A convex relaxation to compute the nearest structured rank deficient matrix
Provides the first convex relaxation with provable guarantees for a nonconvex problem relevant to control theory, computer algebra, and computer vision.
The paper introduces a semidefinite programming relaxation for computing the nearest rank-deficient matrix in an affine space, proving it yields the global minimizer in the low-noise regime. The method outperforms state-of-the-art in noise tolerance across applications like system identification and triangulation.

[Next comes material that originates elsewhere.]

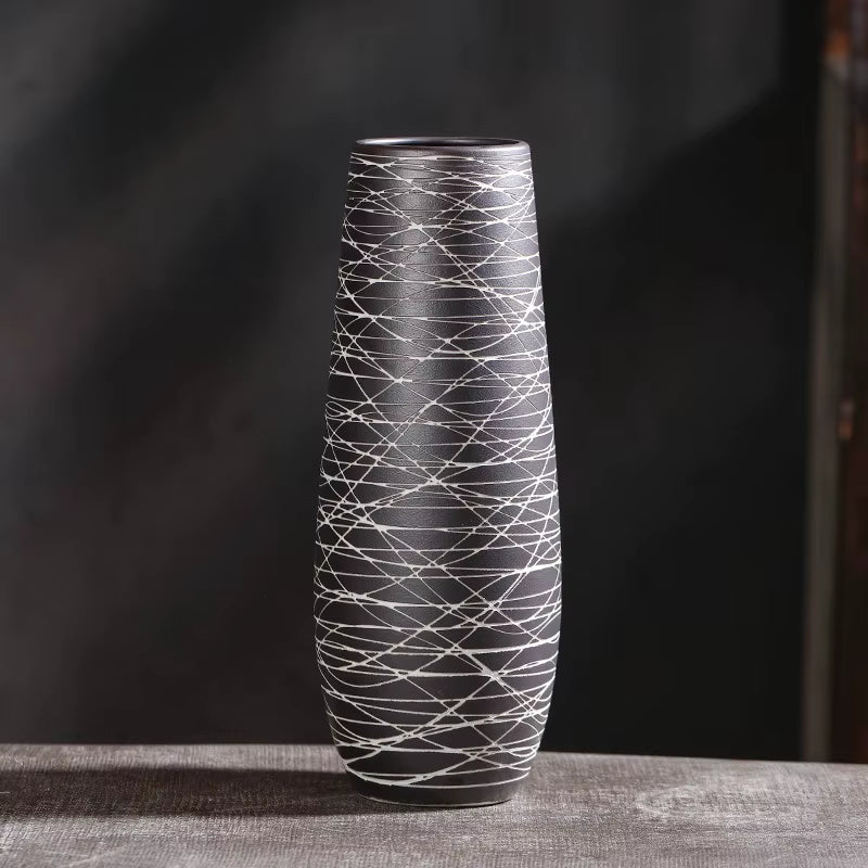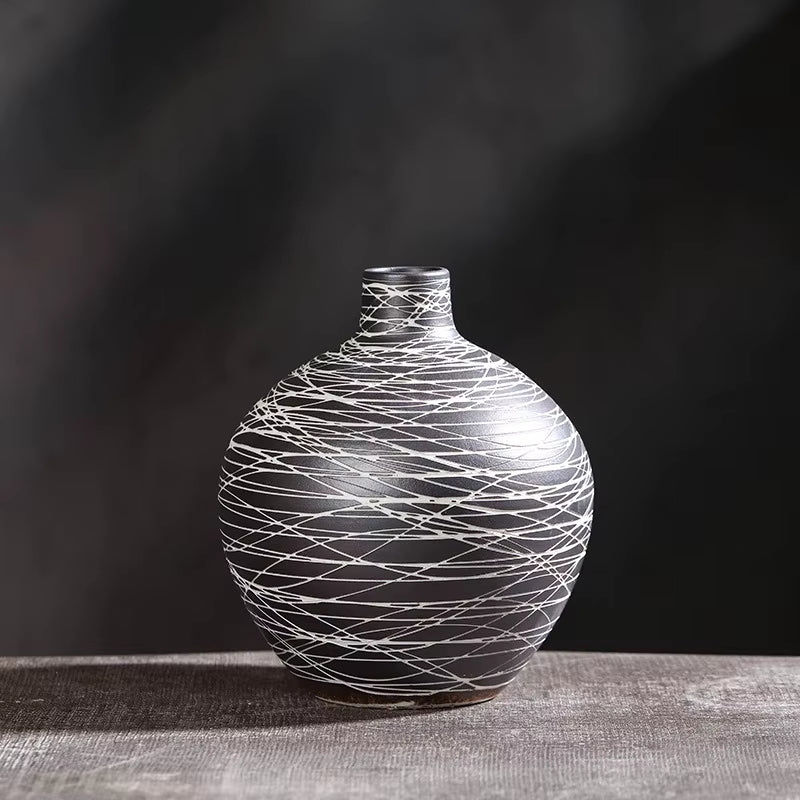 Inspired by simple retro and Art Deco design, this Jingdezhen Ceramic Vase Set is a beautiful addition to your modern home. Each tabletop ornament features a unique, intricate spiral pattern, perfect for a desktop or living room flower arrangement. These versatile vases also make elegant decorations for a modern wedding.

Given an affine space of matrices $\mathcal{L}$ and a matrix $Θ\in \mathcal{L}$, consider the problem of computing the closest rank deficient matrix to $Θ$ on $\mathcal{L}$ with respect to the Frobenius norm. This is a nonconvex problem with several applications in control theory, computer algebra, and computer vision. We introduce a novel semidefinite programming (SDP) relaxation, and prove that it always gives the global minimizer of the nonconvex problem in the low noise regime, i.e., when $Θ$ is close to be rank deficient. Our SDP is the first convex relaxation for this problem with provable guarantees. We evaluate the performance of our SDP relaxation in examples from system identification, approximate GCD, triangulation, and camera resectioning. Our relaxation reliably obtains the global minimizer under non-adversarial noise, and its noise tolerance is significantly better than state of the art methods.